Company is targeting to fulfill the requirements of India first and then exports, focus will not be not more than 10% w/o compromising on margins
Current orderbook is at 5200 cr, and company will do similar orderbook of 5200-5300 cr in next 15 days as well
Company expansion plans will be complete and will be operational by April 2025 with operational capacity of 15,000 MVA and another 22,000 MVA by January next year, so total capacity will be 65,000-70,000 MVA by Jan 2026 incurring costs of INR 500 cr
750 cr QIP only for enabling resolution, no immediate need of that fund
So, the street is finally noticing this counter, and now we have brokerages throwing targets around—giving me a little more confidence (or at least some emotional support).
Regarding competition and margins, eventhough there is a consistent capacity addition i feel at higher kV 400+, TARIL stands tall ? capacity being planned 70k MVA even more than BHEL’s existing 40k MVA..can it be “benefit of economies of scale” ?
Then there’s the mega shift in energy transition (translation: we need way more transformers). Add to that India’s growing power hunger
— some comparison of per capita power consumption thousand units/year. (Iceland: 50, Norway: ~25, USA: ~12, Russia: ~7, Germany: ~6, UK: ~4, Turkey: ~3, China: ~5, Thailand: ~2, Indonesia: ~1, India: ~1)
Looking at this, I’d say margins have a VIP pass for at least the next 2-3 years—until capacity catches up (cue the 4X rule, where demand gets so crazy that one day we wake up to 4X capacity). The real question is: how long till that tipping point?
But, I’d rather hear about ground realities than sugar-coated management optimism. Sometimes the future feels too rosy, like staring at money through foggy glasses… and maybe that’s just my portfolio talking.
If anyone wants to dig in, I’ve tried summarizing recent interviews and numbers below. Let’s hear your take!
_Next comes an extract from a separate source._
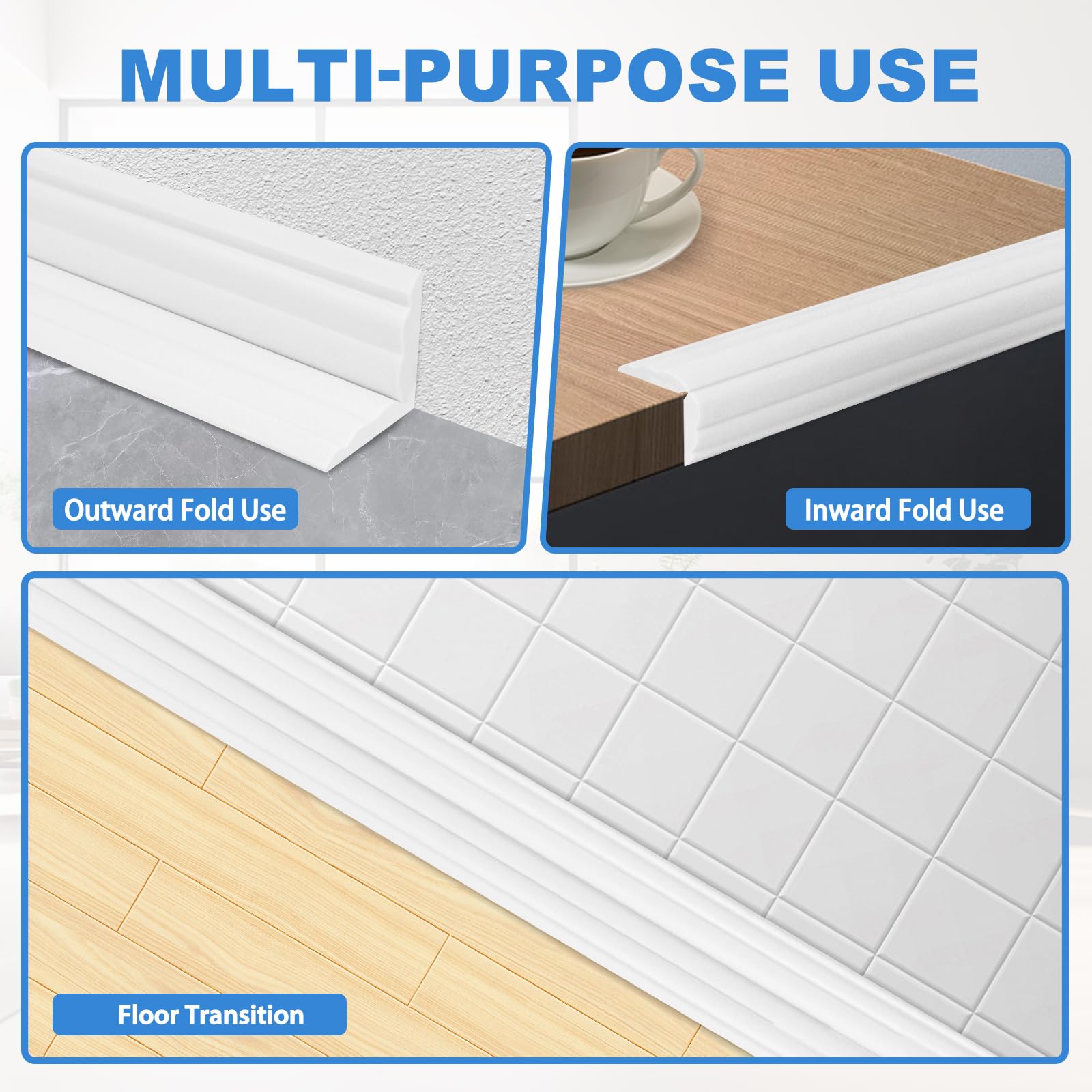 - Flexible Design: The corner molding trim can be adjusted to different angles, allowing for inward or outward flipping of 0-315 degrees as well as flat installation. As a result, it can serve various functional needs such as wall corner protection, sealing strip, floor transition strip, and table corner protection.

TARIL outlook from concall was we are confident of 3500 crores Rev in FY26 with current Orderbook of 5200 odd crores and next year probable 8000 crores Order book
Margins will be maintained/sustained as per 1st question ask by Bharat Shah
Exports also hardly 15 odd percent and they are choosy in picking profitable orders due to demand
If FY26 Rev aspirations are met then its close to PEG ratio of 1 and somewhat similar to FY28 Revenue growth rate (CEA projections till FY30 mentioned in concall alluded that this seems quite possible)
HVDC they need to crack Maintenance/Repair order(as per Make in India push) before they get a new One against Leaders
I am optimist on this one considering current Geopoliticial situation as Tariff doesn’t seem to affect them much and not too much Export dependency and Power being a critical Energy Security for countries
TARIL Concall: Regarding the impact of reciprocal tariffs, when asked about potential effects on their export market and margins due to reciprocal tariffs in the US, the company stated that there is no reciprocal tariff impacting them as their products are exempted from tariffs. So Transformer exempted??
Q4FY25 Concall Notes
Management Tone: Very bullish and confident
Management
FY26 focus remains consolidation, global expansion, sustainable profitability and margin expansion through backward integration.
No slowdown in govt capex in power and energy sector.
Target to become a US 1 Billion $ revenue company with 10% PAT margins (at least) in the next 3 years remains intact with sustained demand both from domestic and export markets.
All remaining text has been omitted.